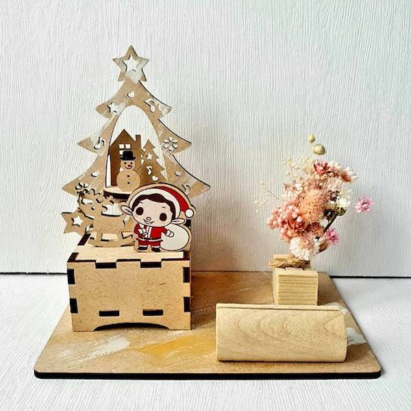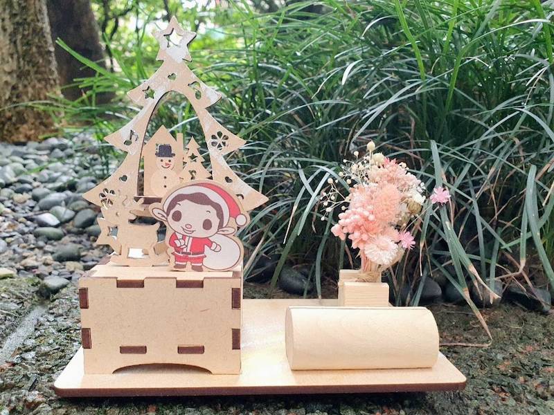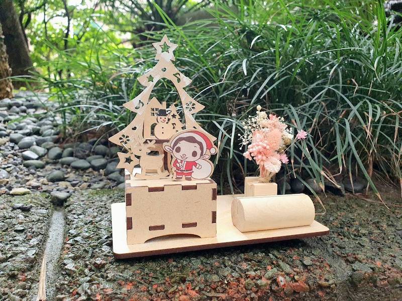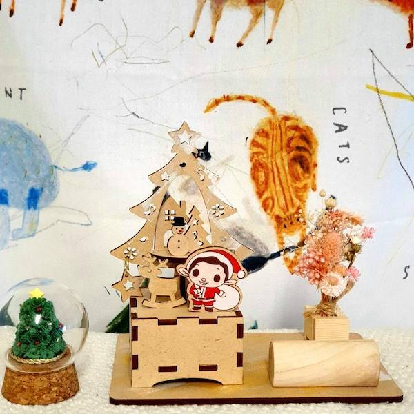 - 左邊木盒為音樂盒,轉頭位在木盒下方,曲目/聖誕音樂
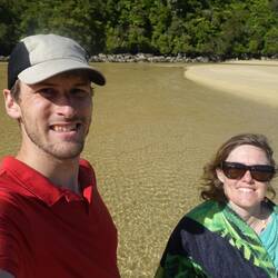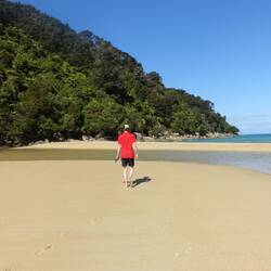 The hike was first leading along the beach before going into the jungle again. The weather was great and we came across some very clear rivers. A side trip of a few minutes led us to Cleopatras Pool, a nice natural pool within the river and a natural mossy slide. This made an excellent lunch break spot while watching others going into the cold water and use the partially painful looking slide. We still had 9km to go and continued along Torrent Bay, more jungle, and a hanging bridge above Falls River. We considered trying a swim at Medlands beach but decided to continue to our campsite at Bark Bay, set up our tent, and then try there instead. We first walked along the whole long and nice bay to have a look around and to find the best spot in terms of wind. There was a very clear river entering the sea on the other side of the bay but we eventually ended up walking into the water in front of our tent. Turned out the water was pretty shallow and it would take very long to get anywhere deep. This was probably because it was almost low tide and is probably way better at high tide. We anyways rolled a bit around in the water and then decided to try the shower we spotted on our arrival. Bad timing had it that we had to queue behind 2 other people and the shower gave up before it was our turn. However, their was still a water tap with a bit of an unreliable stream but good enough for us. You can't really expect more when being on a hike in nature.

...

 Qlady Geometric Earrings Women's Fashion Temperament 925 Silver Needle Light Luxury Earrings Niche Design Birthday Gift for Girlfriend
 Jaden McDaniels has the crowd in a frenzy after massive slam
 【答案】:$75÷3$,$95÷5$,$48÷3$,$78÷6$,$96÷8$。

### WHAT TO DO:
Everything from the line above that contains "- 左邊木盒為音樂盒,轉頭位在木盒下方,曲目/聖誕音樂" down to the line that contains "The hike was" must be reproduced exactly, both ends included. Omit the pictures.

### EXERCISE SOLUTION:
 - 左邊木盒為音樂盒,轉頭位在木盒下方,曲目/聖誕音樂
 The hike was first leading along the beach before going into the jungle again. The weather was great and we came across some very clear rivers. A side trip of a few minutes led us to Cleopatras Pool, a nice natural pool within the river and a natural mossy slide. This made an excellent lunch break spot while watching others going into the cold water and use the partially painful looking slide. We still had 9km to go and continued along Torrent Bay, more jungle, and a hanging bridge above Falls River. We considered trying a swim at Medlands beach but decided to continue to our campsite at Bark Bay, set up our tent, and then try there instead. We first walked along the whole long and nice bay to have a look around and to find the best spot in terms of wind. There was a very clear river entering the sea on the other side of the bay but we eventually ended up walking into the water in front of our tent. Turned out the water was pretty shallow and it would take very long to get anywhere deep. This was probably because it was almost low tide and is probably way better at high tide. We anyways rolled a bit around in the water and then decided to try the shower we spotted on our arrival. Bad timing had it that we had to queue behind 2 other people and the shower gave up before it was our turn. However, their was still a water tap with a bit of an unreliable stream but good enough for us. You can't really expect more when being on a hike in nature.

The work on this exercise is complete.